We need unambiguous, meaningful naming of stack reference operations dependent on how counting is done #130789

markshannon · 2025-03-03T12:40:17Z

faster-cpython/ideas#700 describes three ways to count references:

Virtual,
Embedded, and
Immediate

Virtual references are references that are know to exist to the relevant code generator, but are elided at runtime, so no API is needed for them.
Embedded references are marked by bit(s) in the reference and not in the ob_refcount field of the object.
Immediate references are counted in the ob_refcount (or free-threading equivalent) field of the object.

To this we should add uncounted which are references to immortal objects (including NULL).
Note that it is possible to have embedded or immediate references to immortal objects if the object was mortal when the reference, or reference this reference was created from, was created.

Why this matters

It is important that the use of references is understandable without referring to the implementation and we have multiple implementations of stackrefs, so the interface needs to be clear.

Multiple implementations

Even when we merge the free-threading and default implementations of stackrefs, we will still have the Py_STACKREF_DEBUG implementation which is very different and vital to finding reference errors.

Examples:

When creating an embedded stackref from another stackref, we should use PyStackRef_DUP_Embedded which has the same semantics as PyStackRef_DUP but creates an embedded reference if the implementation supports it.

There are circumstance when a method of counting is not safe. E.g. using embedded references in the heap is not safe. For that we will want to physically transform a reference without a logic change in ownership.
E.g. PyStackRef_ToNonEmbedded. In terms of ownership, this a no-op, PyStackRef_ToNonEmbedded(ref) is equivalent ref, but ensures that any embedded count is turned into an immediate count.

We probably should only use uncounted when referring to references in docs and comments, as we already have PyStackRef_FromPyObjectImmortal, there is no need for PyStackRef_FromPyObjectUncounted as well.

The text was updated successfully, but these errors were encountered:

markshannon · 2025-03-10T10:15:29Z

We also need names for the use and lifetime of references. #130708 introduces the concept of references that depend, for correctness, on the lifetime of another reference outliving that reference.
The free-threading build allows deferred reclamation of some objects. For those reference counts, the immediate reference may reach zero when the object is still alive. Those objects are not reclaimed by Py_Dealloc, but by the cyclic GC when it can prove that there are no references (immediate or embedded) to the object.

With that in mind, we can use the term "deferred" for the embedded reference count when it relies on the GC to prevent premature reclamation, and "scoped" for the embedded reference count when it depends on the scope of the reference to prevent premature reclamation.
A reference with a scoped refcount can refer to any object. A reference with an embedded reference count can only refer to an object that supports deferred reclamation.

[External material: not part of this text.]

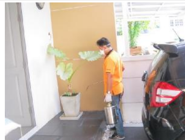
มีบริการพ่นยากำจัดแมลง มด ด้วย

Note: there are no "deferred references", only deferred reference counts.

We should never use the term "borrowed", as that is used for PyObject * references, and is already ambiguous enough without adding yet another meaning.

The term "scoped" was suggested by @nascheme.

markshannon · 2025-03-10T10:26:12Z

Names for the kinds of counts:

The problem with "embedded" and "immediate" is that they do not form a pair, making them harder to remember.

Maybe "external" and "internal" are more appropriate:

External references are counted outside of the object and marked by bit(s) in the reference.
Internal references are counted in the object in its ob_refcount (or free-threading equivalent) field.

mpage · 2025-03-19T21:19:53Z

Thanks for pushing for consistency in how we talk about these concepts. I think that sticking with existing names will be clearer than introducing new ones:

A stackref whose lifetime must not exceed another stackref's lifetime is borrowed and is created by calling PyStackRef_Borrow(). Typically, the reference count of the referenced object will not be updated on creation and destruction of stackrefs created with PyStackRef_Borrow(), but that's an implementation detail. The use of "borrow" here matches my understanding of how it's used within CPython and elsewhere (e.g. Rust), and accurately describes the constraints in which its safe to use stackrefs created this way. Introducing a new term would increase cognitive load without improving clarity.

A stackref that does not update the reference count of the referenced object on creation/destruction defers the reference count update. Such stackrefs are deferred. The use of "defer" here is consistent with our use in "deferred reference counting," in that the application of the reference count updates have been deferred.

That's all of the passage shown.